Quando si configurano le linee di distribuzione fluide o pneumatiche, i quattro polimeri di riferimento sono il PVC, il Poliuretano (PU), la Poliammide (Rilsan) e il Polietilene (PE). Ognuno di essi risponde a una specifica esigenza d’officina. Questa guida analizza le caratteristiche tecniche di ciascun materiale per orientare la scelta verso la soluzione più efficiente e sicura.
Il PVC (polivinilcloruro) è il materiale più diffuso nella movimentazione dei fluidi industriali e alimentari standard. La sua popolarità è legata a un rapporto qualità/prezzo imbattibile: garantisce una buona resistenza strutturale a fronte di un investimento contenuto.

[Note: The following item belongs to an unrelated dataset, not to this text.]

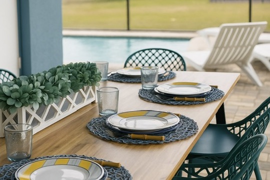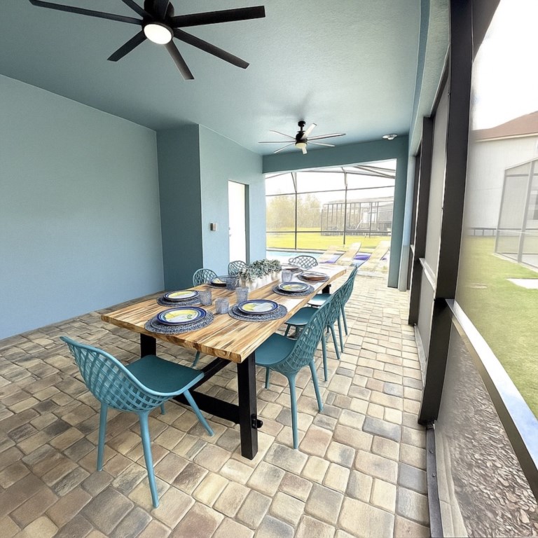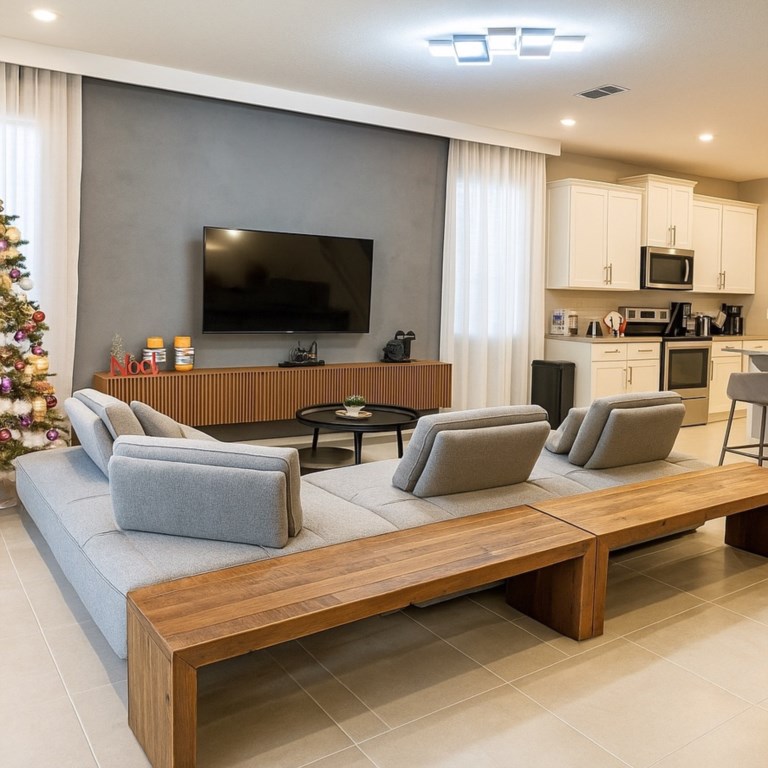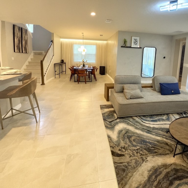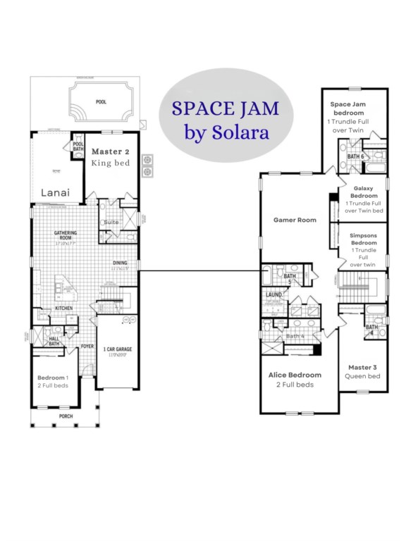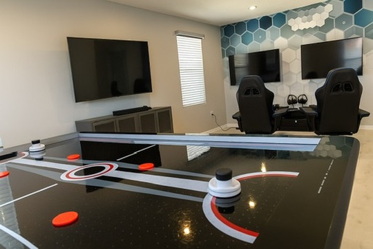 -Listing description Absolutely perfect for large families and multi-family groups, this spacious 7-bedroom home at Solara Resort offers comfort, entertainment, and resort-style amenities just minutes from Orlando’s top attractions. Designed for memorable vacations, the home comfortably accommodates up to 22 guests, combining open living spaces, private pool, game areas, and full access to one of the most sought-after resort communities in Central Florida. - The space This executive home features an open-concept layout with vinyl flooring throughout and thoughtfully designed spaces for families and groups. First floor: • Master suite with king bed and private bathroom • Second bedroom with two full beds • Open living, dining, and fully equipped kitchen Second floor: • Second master suite with queen bed and private bathroom • Fourth bedroom with two full beds and private bathroom • Fifth bedroom with one trundle full over twin bed • Sixth bedroom with one trundle full over twin bed (shared bathroom) • Seventh bedroom with one trundle full over twin bed • Large playroom with TVs and gaming area Step outside to enjoy a private pool and spa, outdoor seating, and Florida sunshine. - Guest access Guests have full access to the entire home and to Solara Resort amenities available to short-term guests, including clubhouse, resort pool, fitness center, sports courts, and more. - Solara Resort amenities As our guest, you’ll enjoy access to one of Orlando’s premier resort communities, featuring: • Resort-style pool and splash pad • FlowRider®? surf simulator (fees may apply) • Fitness center • Basketball, volleyball, and soccer courts • Game room and playground • On-site restaurant, bar, and convenience store Some amenities or activities may require reservations or additional fees and are subject to resort availability. - Interaction with guests We are available 24/7 to assist you before, during, and after your stay, ensuring a smooth and enjoyable experience. - Other things to note Optional services • Pet fee (pre-approval required): $25 per pet, per night (Please inform us of the number, breed, and size of pets prior to booking. Discounts may apply for longer stays.) • Pool heating: $55 per day Pool heat must be requested and paid at least 48 hours prior to arrival. Temperature may vary depending on weather conditions. Pool heating disclaimer No specific pool temperature is guaranteed. During winter months or cold fronts, pool heaters may struggle to maintain higher temperatures. Pool heat cannot be activated or refunded on short notice. -Housekeeping There is no daily housekeeping. The home is professionally cleaned and inspected before arrival. Mid-stay cleaning is available upon request for an additional fee. -BBQ grill BBQ grill is available for guest use. Guests are responsible for refilling propane if needed and assume all responsibility when using the grill. -Online deliveries Some delivery services may have restrictions within resort communities. Please contact us before placing orders. - Getting around Nearby essentials and shopping: • Walmart, Publix, Target • Vineland Premium Outlets • The Mall at Millenia • Florida Mall Golf courses nearby: • Falcon’s Fire Golf Course • Celebration Golf Club • Waldorf Astoria Golf Club • Mystic Dunes Golf Club

Trova ampio spazio nell’industria lattiero-casearia (passaggio latte e siero), nel settore enologico (movimentazione mosti e vini), nell’impiantistica conserviera e nell’automazione industriale per linee di scarico o fluidi a bassa pressione.
Il poliuretano si posiziona come materiale intermedio tra PVC e gomma, sia per prestazioni sia per costo. Il suo elemento differenziante è la spiccata resistenza all’abrasione: in applicazioni dove il fluido trasportato contiene particelle solide in sospensione, o dove il tubo stesso è soggetto a sfregamenti ripetuti, il PU offre una durata sensibilmente superiore al PVC.
È il polimero di riferimento per il trasporto di polveri abrasive (granulati, farine, sabbie), nelle linee di vuoto industriale in presenza di contaminanti solidi e a bordo macchina su sistemi robotizzati o pick-and-place soggetti a continui cicli di flessione.
La Poliammide (comunemente nota come Rilsan PA11 o PA12) è il tecnopolimero standard per i circuiti ad aria compressa nell’automazione industriale. Si distingue nettamente dagli altri materiali per la sua rigidità strutturale e per la stabilità dimensionale calibrata.
Utilizzato universalmente nell’automazione pneumatica per il pilotaggio di cilindri, valvole e attuatori, nei circuiti di segnale e nella strumentazione di bordo macchina che richiede la massima pulizia. Ambienti con requisiti di pulizia elevata: superficie interna non porosa, facile da sanificare.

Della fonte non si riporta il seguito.